Distant Reading Changing Perspectives

Pretend you have just finished all of Shakespeare’s plays. You find each to be fascinating in its own right, but you forget the main concepts. Distant reading allows you to pull each play apart, extracting hidden information without having to read every play for the second time. Then, you can compare Hamlet, Macbeth, Othello, etc. together and make conclusions on each text or Shakespeare’s ideas.

A digital humanist, Ted Underwood, claims that you can “identify distinctive vocabulary” (Underwood 15). Therefore, this would give you an opportunity to pick out Shakespeare’s most used words and analyze his diction/lexicon for each play. Consequently, you can make inferences on why Shakespeare wrote the way he did or what his ultimate goal was in a piece of writing.

For example, this is my Wordle on Emily Dickinson’s poem entitled “I cannot live with You.”

wordle 3

This picture depicts all of the words in her poem without commonly used English words. The most dominant word in the Wordle is presumably “Life.” From this I can make some inferences and conclusions about this poem. For instance, the main idea surrounding the poem is “Life” according to the Wordle. However, just looking at the words without context makes it difficult to understand the tone of the text. That is when “differential reading” becomes important.

 

Differential Reading

Clement explains differential reading as “…close and distant reading practices as both subjective and objective methodologies” (Clement 2). Thus, close reading allows a critical analysis of a literary work, while distant reading acts as an “upside down magnifying glass,” illustrating hidden patterns to scholars. 

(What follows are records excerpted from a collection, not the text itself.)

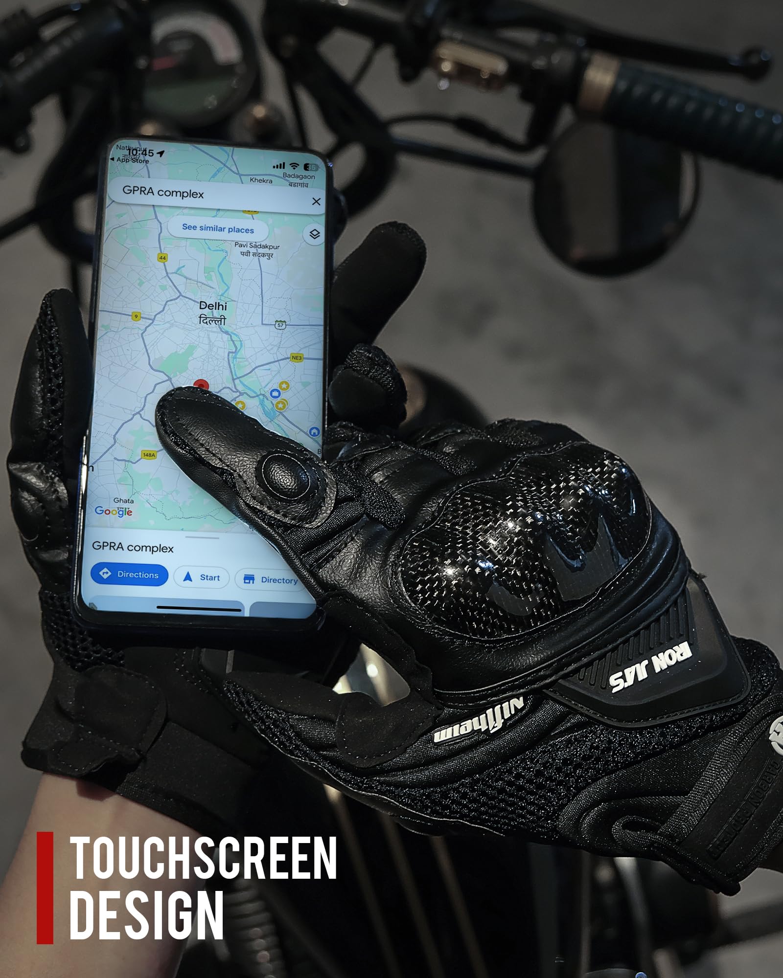 【タッチパネル対応】グローブの人差し指の先には、タッチスクリーンに対応した特殊素材を使用しており、グローブを着用したままでもスマートフォンやタブレットの操作が可能です。ナビや撮影など、高い利便性があり、手袋を外す必要はありません
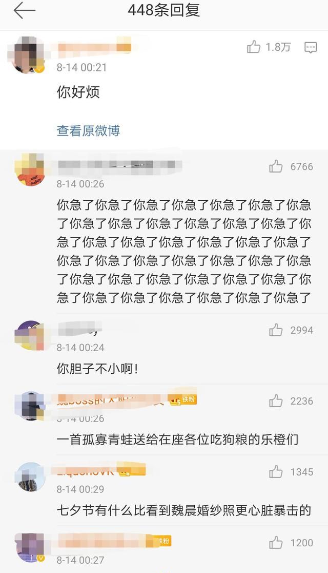 然而魏晨的这一举动伤了不少粉丝的心,这么高调秀恩爱,都不考虑单身狗的心情吗,难怪评论区第一的热评是:你好烦,果然是魏晨的真爱粉了。让人没想到调皮的网友竟然纷纷点赞,把这个三个字刷到评论第一条。
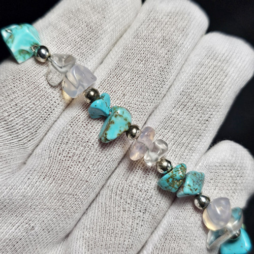 دستبند سنگ های فیروزه و اپالین کد 37817
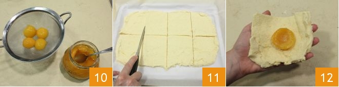 Escorra os damascos de sua calda 10. Se usar damascos secos, será necessário reidratá-los em água morna, depois esprema-os delicadamente e, se tiver caroço, retire-o. Se estiver na temporada, você pode usar damascos frescos, desde que pequenos. Quando a massa estiver fria e manuseável, divida-a cortando em 8 quadrados do mesmo tamanho 11, pegue cada porção e coloque metade de um damasco no centro 12
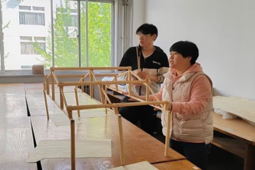 此次比赛为结构设计大赛校赛,经过了上阶段预选赛的选拔,各组选手已经积累了足够的经验。比赛准备阶段,各小组拿到材料及工具后,就开始了积极的准备,在224教室经过一周时间的制作后,各小组成员共同合作完成了参赛作品。比赛正式开始前,工作人员提前来到现场布置作品承载工具、底座等,小组成员到场后,工作人员依次发放绳子,小组成员将绳子绑在作品的承载点上。准备工作就绪后,比赛开始,鲁丽君和黄占芳以及社团成员监督指导各小组开始加载承重,荷载分为一级荷载和二级荷载,待水平荷载稳定后即加竖直荷载,工作人员实时记录承载情况并拍照。基于上阶段预选赛的经验,此次参赛小组的作品美观且坚固,得到了鲁丽君和黄占芳的一致好评。最终共有六个小组从比赛中脱颖而出,取得了此次比赛的胜利。
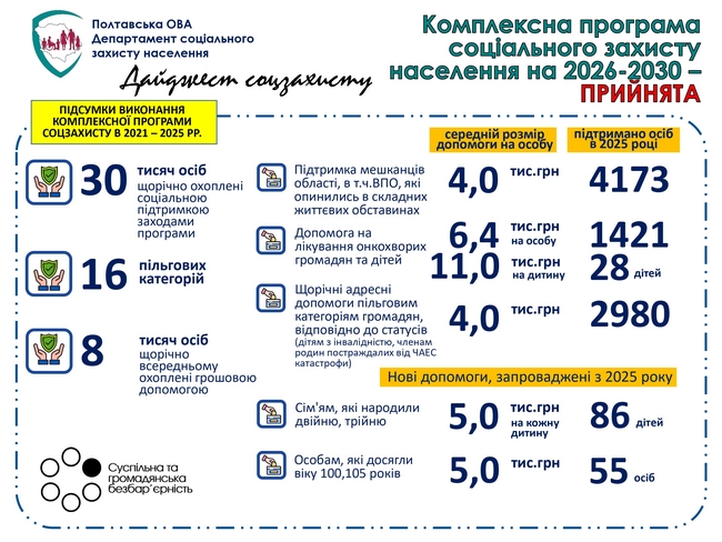 Відтак, на сьогодні в Полтавській області майже 17 тисяч осіб перебувають на обліку, як постраждалі від наслідків Чорнобильської катастрофи, з них – 7,7 тисяч осіб мають статус ліквідаторів. Системність підтримки зазначеної пільгової категорії підтверджується заходами Комплексної програми соціального захисту населення, в рамках якої в 2025 році на підтримку ЧАЕС спрямовано понад 16,6 млн.грн.
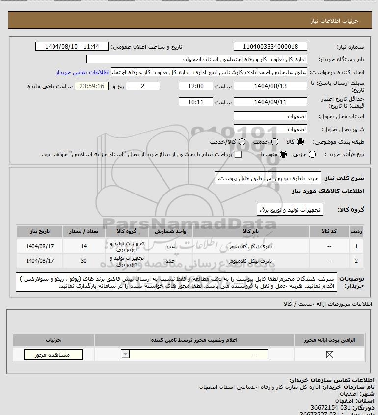 | 2 | -- | باتری نیکل کادمیوم | عدد | تجهیزات تولید و توزیع برق | 30 | 1404/08/17 |
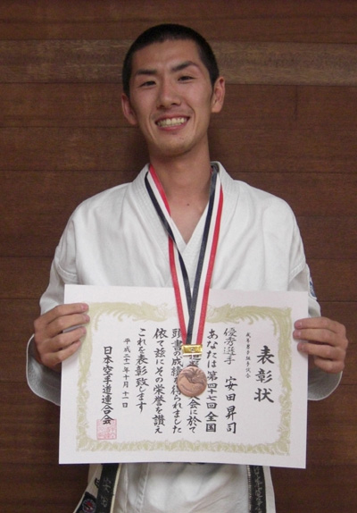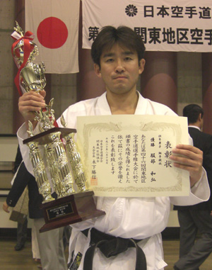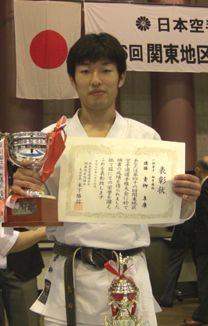 2010/0606/浦安市立総合体育館にて開催されました平成22年度浦安市民体育大会空手道競技に於いて一般男子有段組手の部で安田昇司選手が優勝、一般男子有段形の部で佐藤 亮選手が準優勝と大活躍でした。
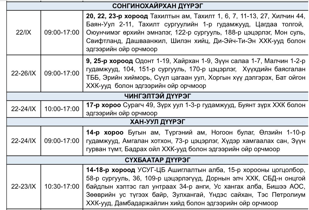 Улаанбаатар цахилгаан түгээх станц” ТӨХК цахилгаан шугам тоноглолд засвар, үйлчилгээ хийнэ. Энэ үеэр дараах дүүргийн зарим хороонд цахилгааныг тодорхой цагаар хязгаарлана. Хуваарийн дагуу өнөөдөр цахилгаан түр хязгаарлах газруудыг танилцуулж байна.

For instance with my Wordle of Emily Dickinson’s poem, it would help to read it myself and synthesis my own interpretation of the poem. Thereafter, I can put together my ideas with the digital techniques to make a more accurate hypothesis.

Another digital humanist, David Hoover, states that “Investigating how and the extent to which authors differentiate the voices of characters or narrators…” (Hoover 3) is possible. This could either be in a novel, play, poem, etc. Taking Hoover’s point into consideration, I could compare multiple Dickinson poems and compare the tones and rhetoric in each. Furthermore, I could even break a poem up into each stanza and look for different tones between the stanzas. The possibilities are endless with distant reading; there is always new information and approaches to discover.

Challenges to Distant Reading

There are some significant disadvantages to distant reading.

  1. Copyright Laws – As Hoover stated, “For texts not available in digital form, an electronic text can be created by scanning and OCR. Unfortunately, it is not entirely clear that this is legal for texts in copyright” (Hoover 13).
  2. Finding the Text – It is incredibly hard to find some texts online. Even if you are so fortunate to find your text, sometimes there are different editions, authors, and publishers. It can be extremely difficult to choose the text that best suits your research.
  3. Texts not in Digital Form – In this case, you can perform an OCR scan. Although, you must keep in mind copyright laws. Moreover, if there are any additional drawings or markings on the original, they might not copy.
  4. Sentiment – It is difficult for a computer to distinguish between emotions. As the reader, you have your own perspective and develop emotions from that.
  5. Expansiveness of Archives – The collections of certain digital archives may be too small for a complete analysis.

This is only a small list of disadvantages. Unfortunately, there are some more, but in most cases the pros outweigh the cons.

 

Example of a Challenge to Distant Reading

First, I did a Wordle of the Preamble of the United States Constitution.

wordle

Next, I used the three most dominant terms, “establish,” “United,” and “States.” However when I entered these three words into the N-gram, I put “United” and “States” together – advantage of close reading.

Screenshot (31)

I set the years between 1700 and 2008, to see the frequency of the terms used in literature.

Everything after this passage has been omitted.